- PROBLEM DESCRIPTION
Include in the reply only the lines from the start of the data below through the line containing "Beiges Baumwollkleid mit", reproduced exactly and with no pictures.

- RAW DATA
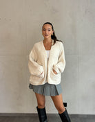 Die Boucle Strickjacke ist der ideale Begleiter für gemütliche Tage und stylische Outfits! Mit ihrem kuscheligen Material und den praktischen Seitentaschen wird sie schnell zum unverzichtbaren Must-Have in deiner Garderobe.
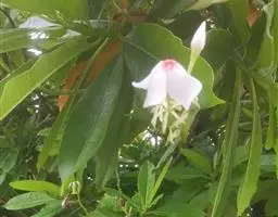 玫瑰树(Ochrosia borbonica Gmelin):夹竹桃科玫瑰树属乔木,高约4米;叶在枝的上部3-4片轮生,长8-15厘米,宽3-5厘米;叶柄长1-2厘米。聚伞花序伞形状或伞房状,长约3厘米;花萼裂片卵圆形,长2毫米,宽1.5毫米;花冠白色,高脚碟状,花冠筒圆筒状;雄蕊着生于花冠筒中部之上,花药内藏;子房由2个离生心皮所组成,椭圆形。核果2个,肉质、红色,长约4.5厘米,直径3.5厘米,内有种子3个。花期6月,果期6-9月。
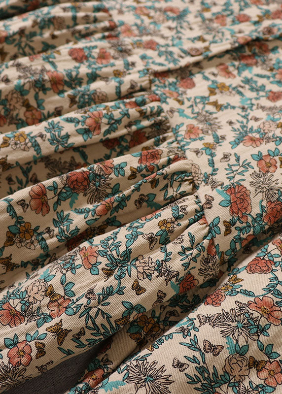 Beiges Baumwollkleid mit Rüschendruck für Damen, langärmlig
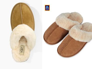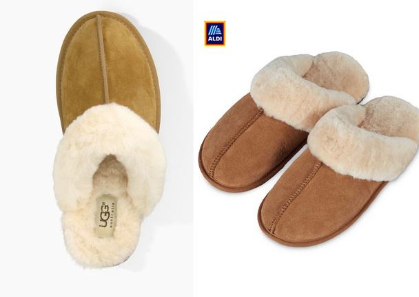 Az Aldi persze kicsit silányabb minőségben, bárányok helyett marhák kültakaróját is felhasználva, de szemlátomást nagy odafigyeléssel kivitelezett koppintása csak 5000 forintba fog kerülni. Szinte csak az Ugg márkajelzés maradt ki az amúgy teljeskörűnek ígérkező szolgáltatásból.

- YOUR SOLUTION
 Die Boucle Strickjacke ist der ideale Begleiter für gemütliche Tage und stylische Outfits! Mit ihrem kuscheligen Material und den praktischen Seitentaschen wird sie schnell zum unverzichtbaren Must-Have in deiner Garderobe.
 玫瑰树(Ochrosia borbonica Gmelin):夹竹桃科玫瑰树属乔木,高约4米;叶在枝的上部3-4片轮生,长8-15厘米,宽3-5厘米;叶柄长1-2厘米。聚伞花序伞形状或伞房状,长约3厘米;花萼裂片卵圆形,长2毫米,宽1.5毫米;花冠白色,高脚碟状,花冠筒圆筒状;雄蕊着生于花冠筒中部之上,花药内藏;子房由2个离生心皮所组成,椭圆形。核果2个,肉质、红色,长约4.5厘米,直径3.5厘米,内有种子3个。花期6月,果期6-9月。
 Beiges Baumwollkleid mit Rüschendruck für Damen, langärmlig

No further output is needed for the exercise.